Saturday, August 20, 2011


Hello, it's a rare post today, one dedicated to culinary techniques!

A few weeks back my sister and I [re]discovered our mutual interest in gastronomic delights. Having said that, there was one thing that stuck after many nights spent watching cooking shows: making my own butter (cow not included.) So, having done my day job, I proceeded to do this butter-making thing. There are plenty of instructions of how to make butter available online, so I'm going to concentrate on the experience of making it.
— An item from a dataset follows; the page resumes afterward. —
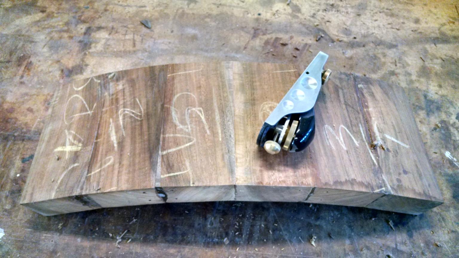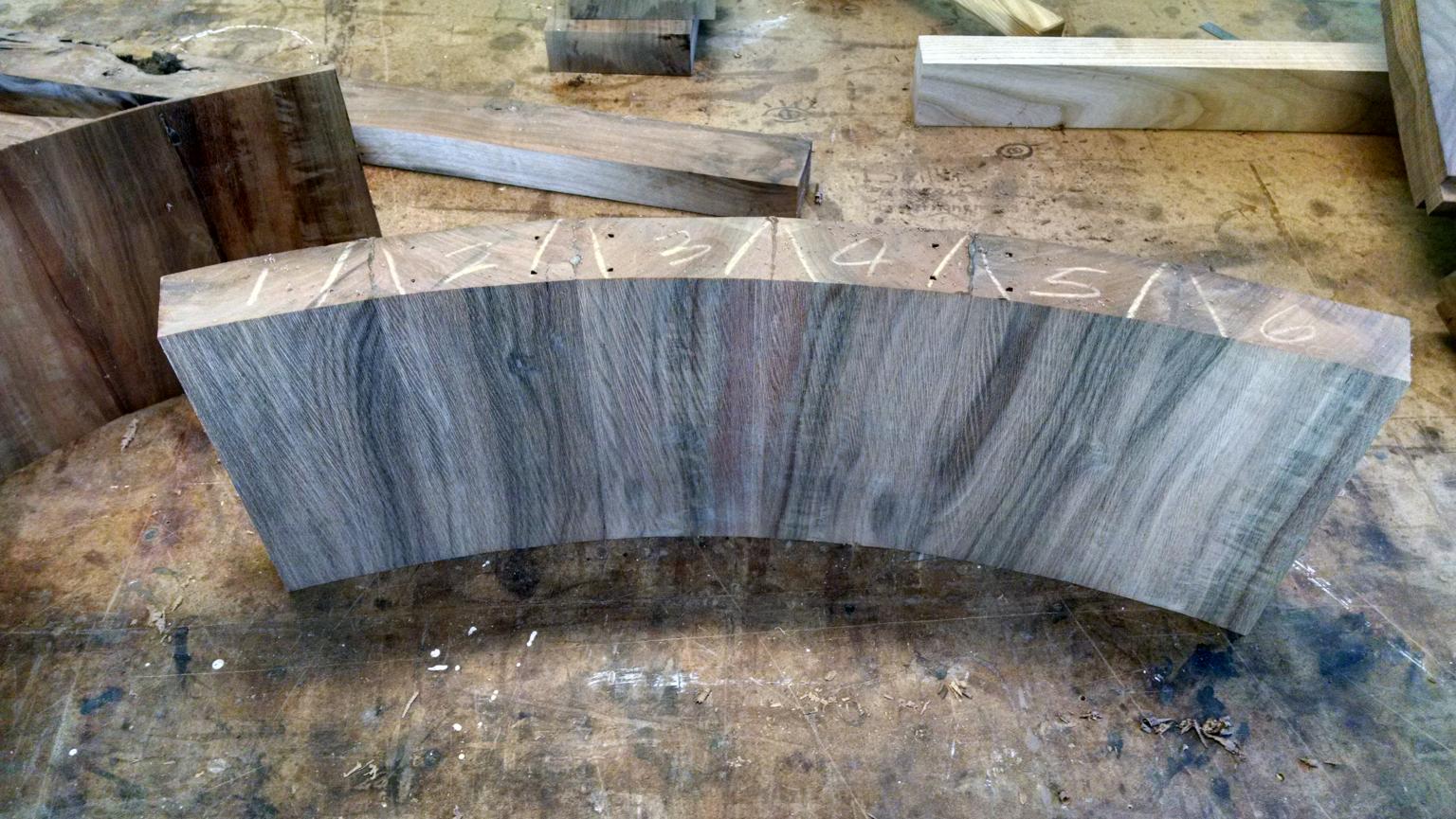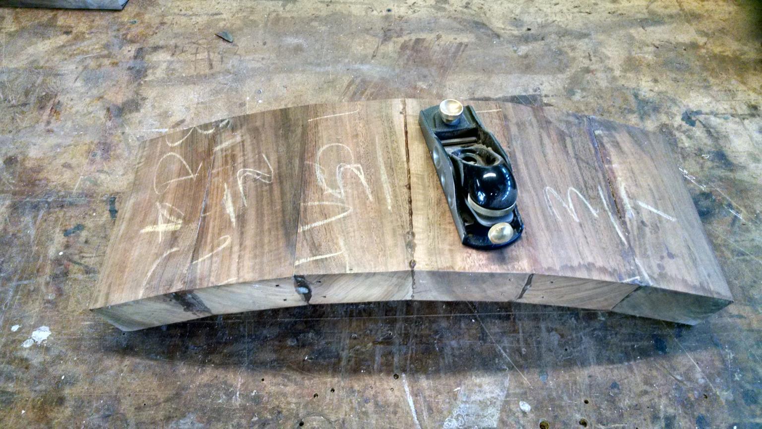 Today I started on the final shaping on the headrest for the rocker. Photo below is the roughed out coopered headrest. I had to plane down the glue squeeze out because the next step is to joint one end of the headrest and I need a relatively unobstructed surface to ride against the joiner fence. There, all clean now. Now that one side is cleaned up pretty good I made one end of the headrest nice and flat for a good reference surface for the band-saw operation. One end is nice and clean now. I traced a nice arc on the rough end with my pattern I use for all the rocker headrests. Remember I need the clean end to ride on the band saw table. I hung my 3/4" 3 TPI re-saw blade on my 14" band-saw with riser-block. And I cut on the pattern line. My band saw is well tuned, it has to be in order to make cuts like this. I am however looking for a set of new guides, these are a tad worn. But they seem to be holding up fair for now. I can saw veneers with my 14" Grizzly Bandsaw, it's a good saw. With my sanding block sawed and shaped to the same radius as my headrest, I need to sand the lumps out by hand and also level the surface, this is a long process, it typically takes about a half hour or more to get this arc nice and smooth with zero imperfections and lumps. I use 60 grit for this process. I can get a ton of leverage when I clamp it up to my bench and I am able to exert body weight down onto the surface. Thanks for following along!

I'm quite familiar with an electric beater/mixer, having used them extensively for cakes and pastries and all sorts of things in the past. I'm also familiar with how things like eggs and cream turn choppy-liquid-fluffy when they are run under a mixer. Well, butter-making takes cream-beating to another level: curdly and separatist*.
*we ain't militants.

I took a few pictures of the venture so that you could see what I mean:

10 minutes in - liquid cream on right side, thick whipped cream on left
starting to curdle...
I've been spattered enough, it's time to stop.
left side - rosemary, right side - slightly salted
the cat who got the cream
And a video so that we can share how the butter-wrapping process went:

The whole process takes about 20 minutes from start to clean-up, and since butter is roughly 80% fat, you can work out your per-pot yield from the fat content of your pot of cream. Plus, for happy cats and happy humans, there's the added bonus of buttermilk at the end of it. As for myself, the fact that butter-making is so technical (i.e. "watch until physical properties turn XYZ") appeals to me and my that-line-is-almost-straight sensibility. Maybe this is the attraction that draws guys towards steak-making pyrotechnics.

A few tips if you decide to go butter-making:
- get your paper rounds ready before you start beating the cream
- a standing mixer is a great boon (KitchenAid, anyone?)
- spatter-guard helps guard clothes from spatters (especially towards the end)
- a silicone scraper and clean cheesecloth are handy for packaging

Alright then, that's all for now, I better get back to the pattern table!